Department of Ophthalmology, Guangdong Academy of Medical Sciences, Guangdong Provincial People's Hospital, Guangzhou, China.
Ophthalmology, Centre for Eye Research Australia, University of Melbourne, Melbourne, Australia.
Age Ageing. 2022 Mar 1;51(3). doi: 10.1093/ageing/afac062.
retinal age derived from fundus images using deep learning has been verified as a novel biomarker of ageing. We aim to investigate the association between retinal age gap (retinal age-chronological age) and incident Parkinson's disease (PD).
a deep learning (DL) model trained on 19,200 fundus images of 11,052 chronic disease-free participants was used to predict retinal age. Retinal age gap was generated by the trained DL model for the remaining 35,834 participants free of PD at the baseline assessment.

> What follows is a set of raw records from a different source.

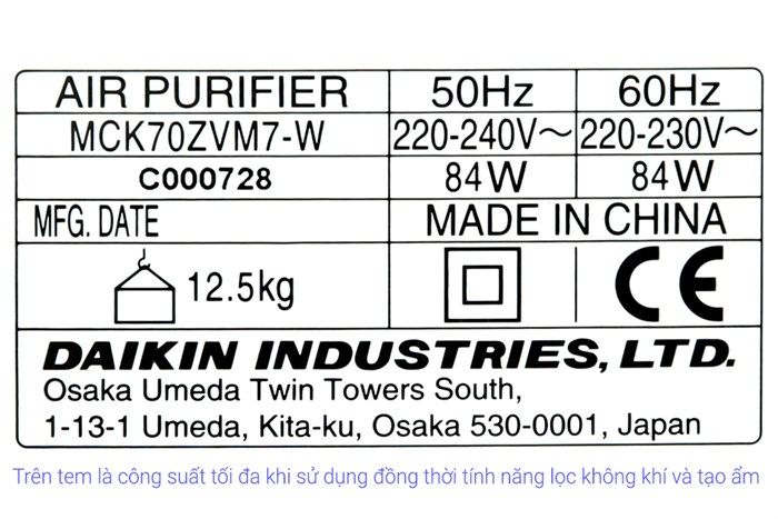 | Tiện ích | Tự khởi động lại khi mất điện; Tạo độ ẩm không khí; Hút gió 3 hướng; Bánh xe di chuyển; Đèn báo chất lượng không khí; Khoá bảng điều khiển |
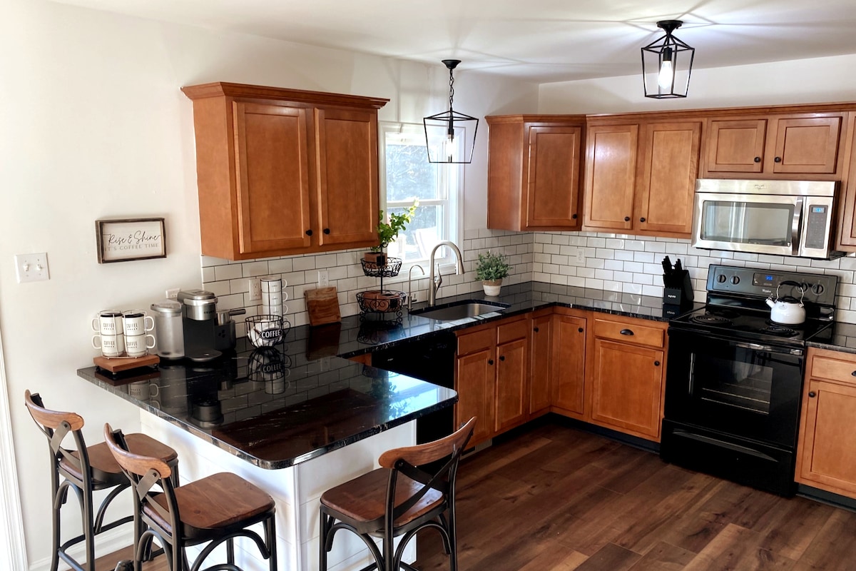 Slapp av på dette fantastiske tilfluktsstedet på en hektar stor bakketopp med utsikt over Antietam Battlefield og frodige vingårder. Hjemmet vårt er perfekt for en romantisk ferie eller en familieferie, og det er nylig oppusset. Det har fantastisk utsikt fra terrassen, koselig interiør og enkel tilgang til Antietam Creek Vineyards – bare en kort spasertur unna. Utforsk stier i nærheten, slapp av ved bålplassen utendørs under stjernene og nyt de fredelige omgivelsene mens du opplever alle hjemmets bekvemmeligheter.
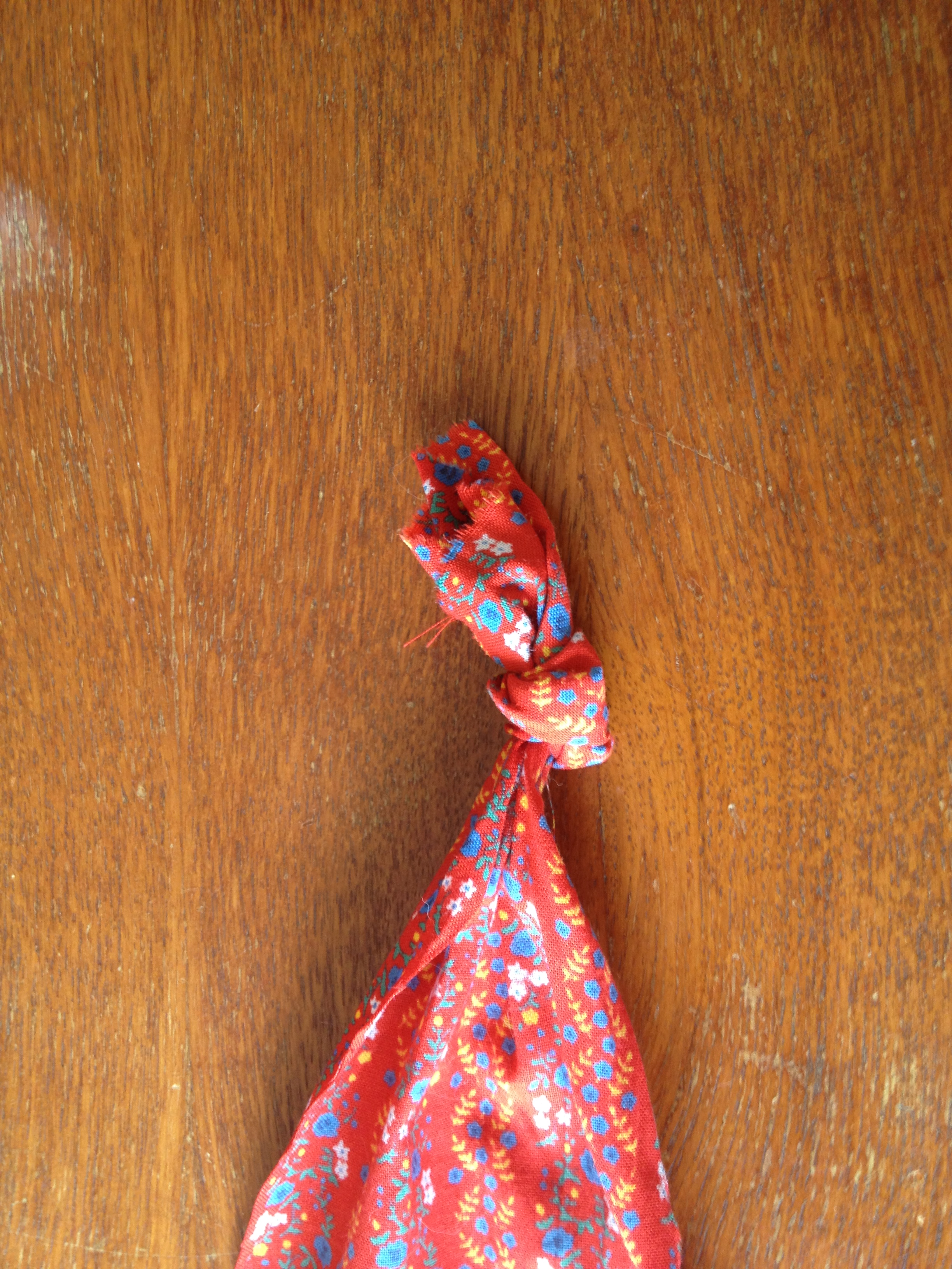 IMG_1275Knot one end tightly. You will be twisting the band of fabric as you roll it around the knot in a spiral. IMG_1281IMG_1283IMG_1285IMG_1286There is no right or wrong way to sew this up, just make sure everything is secured and that you keep the stitches on the back side. Make sure to finish off your stitches by sewing three or four stitches on the same spot.
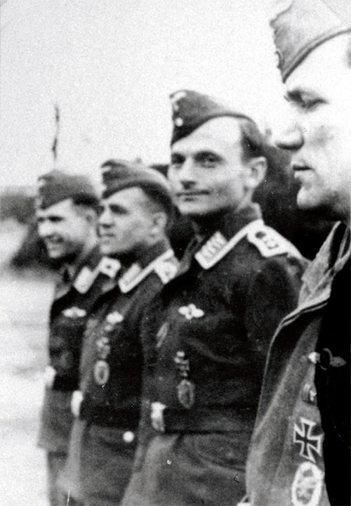 The first awards for 60 combat sorties (silver) are handed out to the group on 27 March 1941. From left to right: Sigi (Siegfried) Simon, Wisch, me (Sommer) and Schulte.
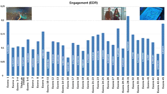 A continuación, nos vamos a centrar en el análisis del nivel de engagement (EDR) o conexión emocional, que muestra los cambios súbitos en la resistividad de la piel provocados por reacciones a estímulos concretos de la serie. Cuando esa alteración es de mayor magnitud, se considera que el elemento de la ficción que lo ha provocado es emocionante y que, por tanto, genera un instante de engagement.
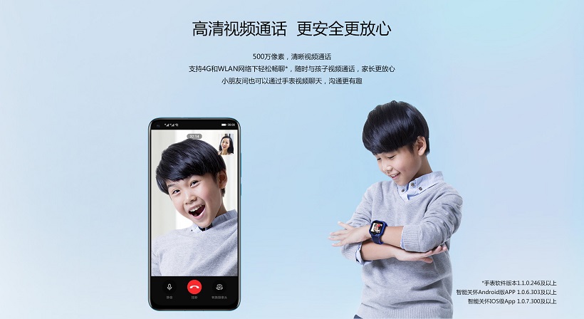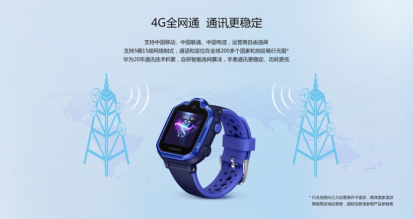 華為兒童手表 3 Pro(極光藍)視頻通話 高清拍照 九重定位 4G全網(wǎng)通學生電話手表
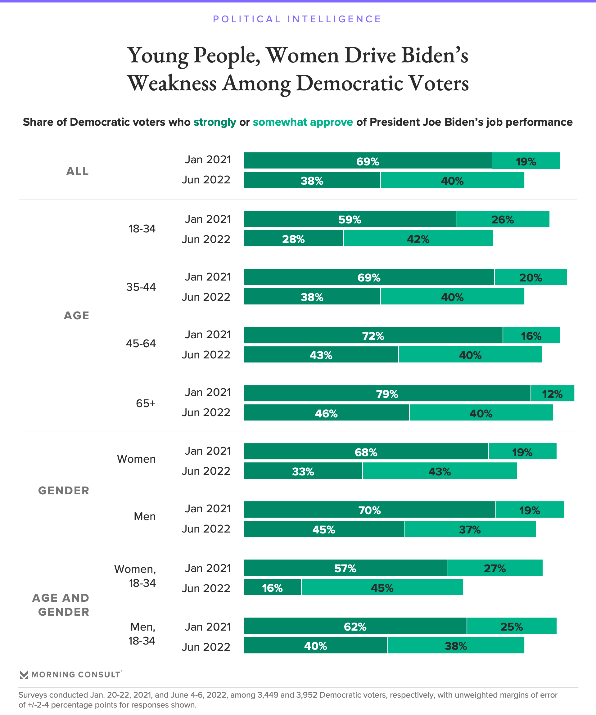 Biden’s decline among Democratic voters ages 18-34 has been driven largely by women: 61% approve of his job performance, compared with 78% of men.
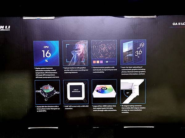聯力科技 電腦組裝市場 散熱方面 可說是大放異彩,各種創新及種類繁多的 機殼、風扇、散熱器…等等,這次要開箱的 一體式水冷 LIAN LI GALAHAD II LCD 360 ARGB,採用 Asetek 第八代水冷泵,有更強的散熱效能及更安靜的運行環境;最特別的是 2.88吋的IPS可控螢幕,解析度為480×480;透過 L-Connect 3 除了可以設定 散熱風扇及水冷頭外殼 ARGB,更是可以自定義 水冷頭螢幕的顯示效果,可以自行上傳影片或照片,讓水冷頭不再是水冷頭;原廠提供6年保固,使用者可以大大的安心。
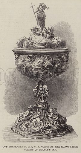Pleased with Watts’ fresco, the Society gifted him 500 sovereigns ‘in a handsome purse contained in a silver cup’ as thanks (‘a complimentary, a friendly, and a grateful remembrance.’), rather than as remuneration or compensation. After his death, Watts’ widow, Mary Setton Watts, gifted the silver-gilt ciborium back to the Inn in 1925.
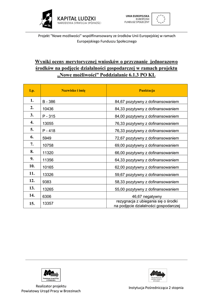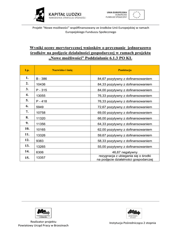 Projekt "Nowe możliwości" współfinansowany ze środków Unii Europejskiej w ramach Europejskiego Funduszu Społecznego Wyniki oceny merytorycznej wniosków o przyznanie jednorazowo środków na podjęcie działalności gospodarczej w ramach projektu ,,Nowe możliwości” Poddziałanie 6.1.3 PO KL Nazwisko i imię Lp. Punktacja 1. B - 386 84,67 pozytywny z dofinansowaniem 2. 10436 84,33 pozytywny z dofinansowaniem 3. P - 315 84,00 pozytywny z dofinansowaniem 4. 13055 76,33 pozytywny z dofinansowaniem 5. P - 418 76,33 pozytywny z dofinansowaniem 6. 5949 72,67 pozytywny z dofinansowaniem 7. 10758 69,00 pozytywny z dofinansowaniem 8. 11320 66,00 pozytywny z dofinansowaniem 9. 11356 64,33 pozytywny z dofinansowaniem 10. 10165 62,00 pozytywny z dofinansowaniem 11. 13326 59,67 pozytywny z dofinansowaniem 12. 9383 58,33 pozytywny z dofinansowaniem 13. 13265 55,00 pozytywny z dofinansowaniem 14. 6306 15. 13357 46,67 negatywny rezygnacja z ubiegania się o środki na podjęcie działalności gospodarczej Realizator projektu Powiatowy Urząd Pracy w Brzezinach Instytucja Pośrednicząca 2 stopnia
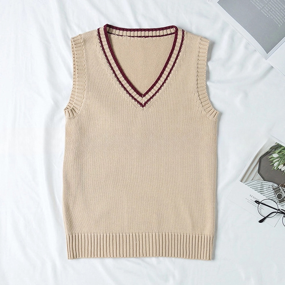 와인라인 베이지 교복조끼 학생복 교복 남자조끼
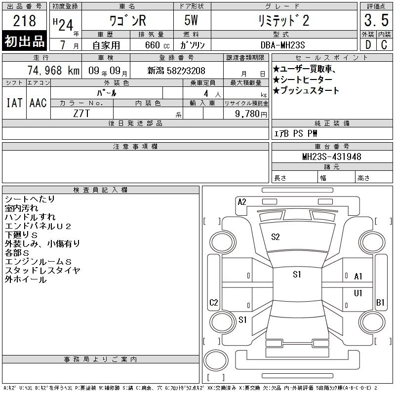 Год выпуска2012 Пробег 75 000 км КузовMH23S Комплектация LIMITED 2
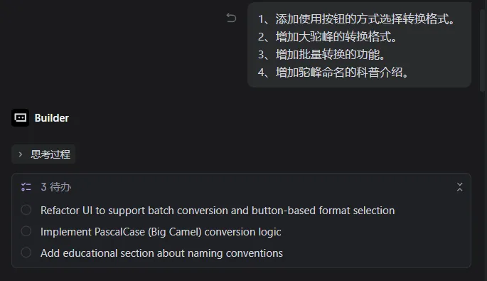 使用 AI 制作一个编程变量格式命名的转换,支持驼峰/下划线/中划线格式的转换。打开 Trae 工具,在对话框中输入开发需求,可以参考下述示例:为我开发一个划线命名转换,具体要求如下: 1. 使用 HTML5 实现,所有功能代码必须整合在单个 HTML 文件中 2. 实现文本划线命名转换功能: - 支持文本驼峰/下划线/中划线命名转换。 - 支持实时显示转换后的内容。 |
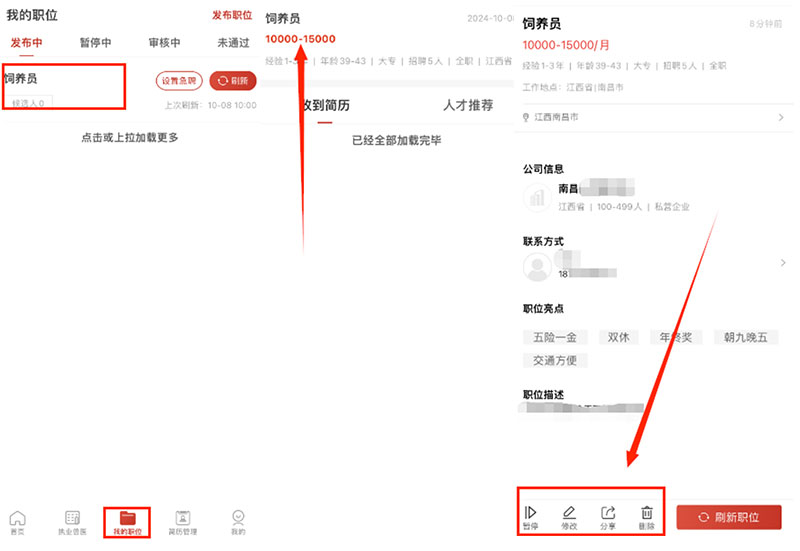 4、開通會(huì)員后,企業(yè)招聘信息成功展示,可設(shè)置“急聘”或刷新崗位(表示正在招聘中...)。如需暫停/修改/刪除正在“發(fā)布中”的某一職位信息,找到該崗位并點(diǎn)擊—崗位跳轉(zhuǎn)到獨(dú)立頁(yè)面后再次點(diǎn)擊,頁(yè)面下方有暫停/修改/刪除按鈕(如圖3),點(diǎn)擊需要操作的按鈕即可。
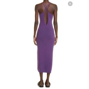 NWT Khaite Georgia Stripe Cross Back Cashmere Sweater Dress in Grape
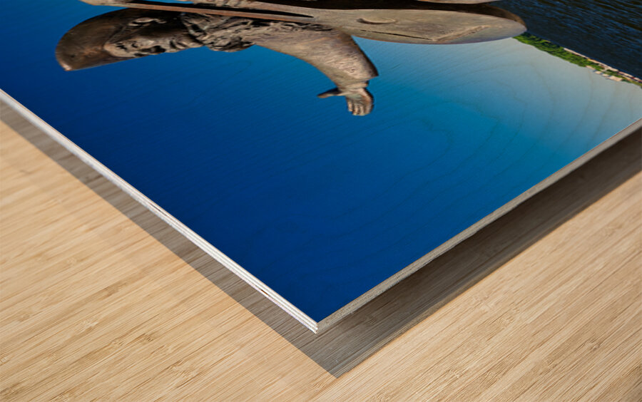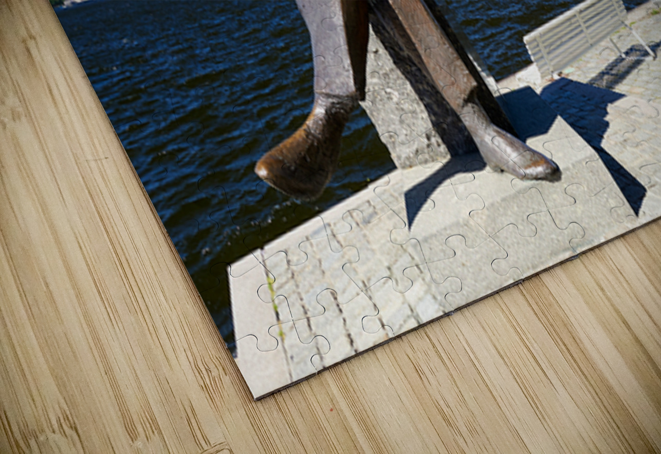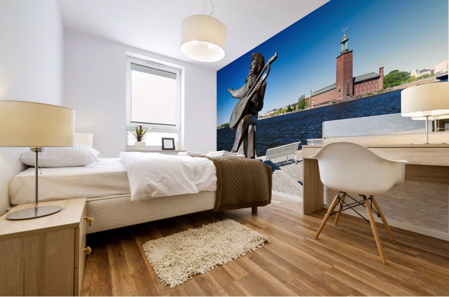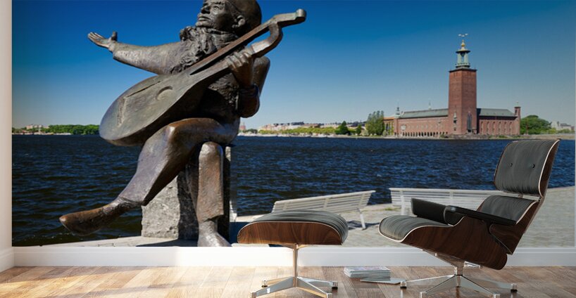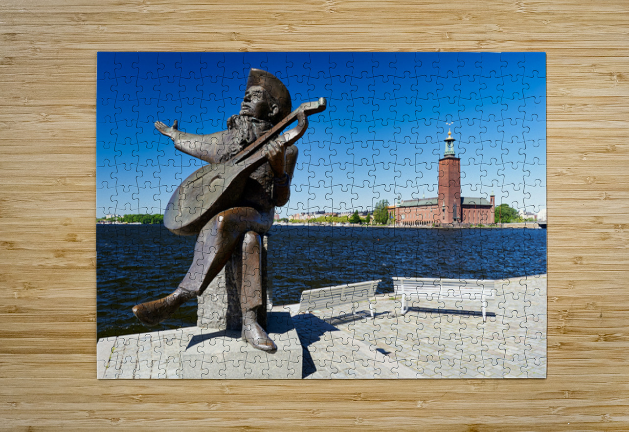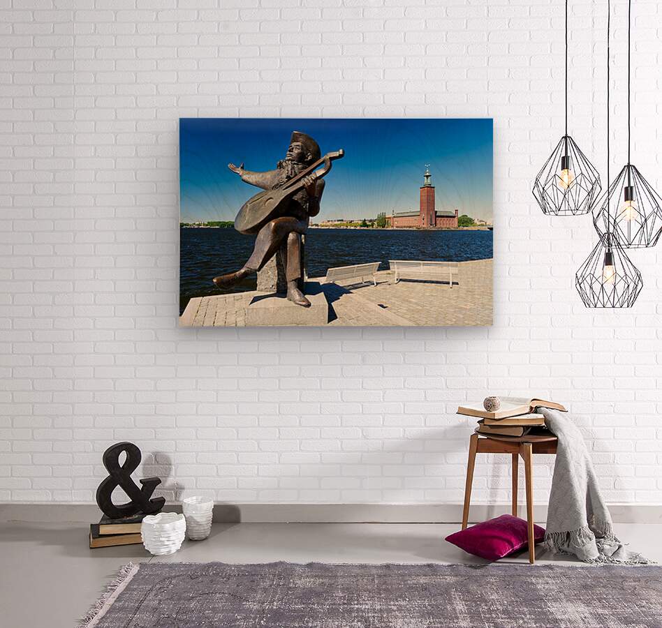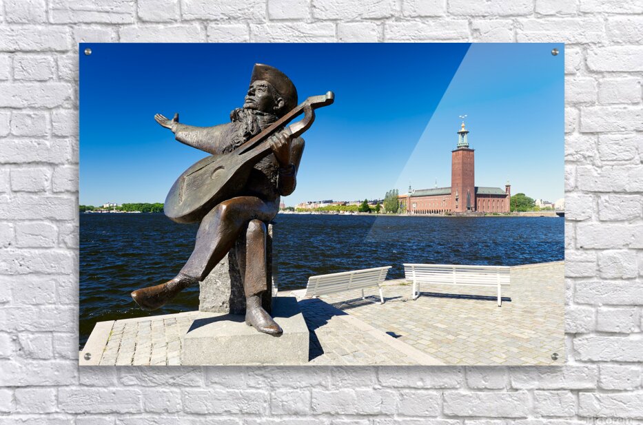 "Evert Taube statue and City Hall by the water in Stockholm" in a framed print.

Cox proportional hazards regression models were utilised to investigate the association between retinal age gap and incident PD. Multivariable logistic model was applied for prediction of 5-year PD risk and area under the receiver operator characteristic curves (AUC) was used to estimate the predictive value.
a total of 35,834 participants (56.7 ± 8.04 years, 55.7% female) free of PD at baseline were included in the present analysis. After adjustment of confounding factors, 1-year increase in retinal age gap was associated with a 10% increase in risk of PD (hazard ratio [HR] = 1.10, 95% confidence interval [CI]: 1.01-1.20, P = 0.023). Compared with the lowest quartile of the retinal age gap, the risk of PD was significantly increased in the third and fourth quartiles (HR = 2.66, 95% CI: 1.13-6.22, P = 0.024; HR = 4.86, 95% CI: 1.59-14.8, P = 0.005, respectively). The predictive value of retinal age and established risk factors for 5-year PD risk were comparable (AUC = 0.708 and 0.717, P = 0.821).
retinal age gap demonstrated a potential for identifying individuals at a high risk of developing future PD.
使用深度学习从眼底图像中得出的视网膜年龄已被验证为一种新的衰老生物标志物。我们旨在研究视网膜年龄差距(视网膜年龄-实际年龄)与帕金森病(PD)发病之间的关联。
使用在 11052 名无慢性疾病的参与者的 19200 张眼底图像上训练的深度学习(DL)模型来预测视网膜年龄。对于基线评估时无 PD 的其余 35834 名参与者,使用经过训练的 DL 模型生成视网膜年龄差距。利用 Cox 比例风险回归模型研究视网膜年龄差距与 PD 发病之间的关系。应用多变量逻辑模型预测 5 年 PD 风险,并使用接收者操作特征曲线下面积(AUC)来评估预测价值。
本研究共纳入 35834 名无 PD 的基线参与者(56.7±8.04 岁,55.7%为女性)。在调整混杂因素后,视网膜年龄差距增加 1 年,PD 发病风险增加 10%(风险比[HR]=1.10,95%置信区间[CI]:1.01-1.20,P=0.023)。与视网膜年龄差距最低四分位相比,第三和第四四分位的 PD 发病风险显著增加(HR=2.66,95% CI:1.13-6.22,P=0.024;HR=4.86,95% CI:1.59-14.8,P=0.005)。视网膜年龄和既定 PD 风险因素对 5 年 PD 风险的预测价值相当(AUC=0.708 和 0.717,P=0.821)。
视网膜年龄差距显示出识别未来 PD 高危个体的潜力。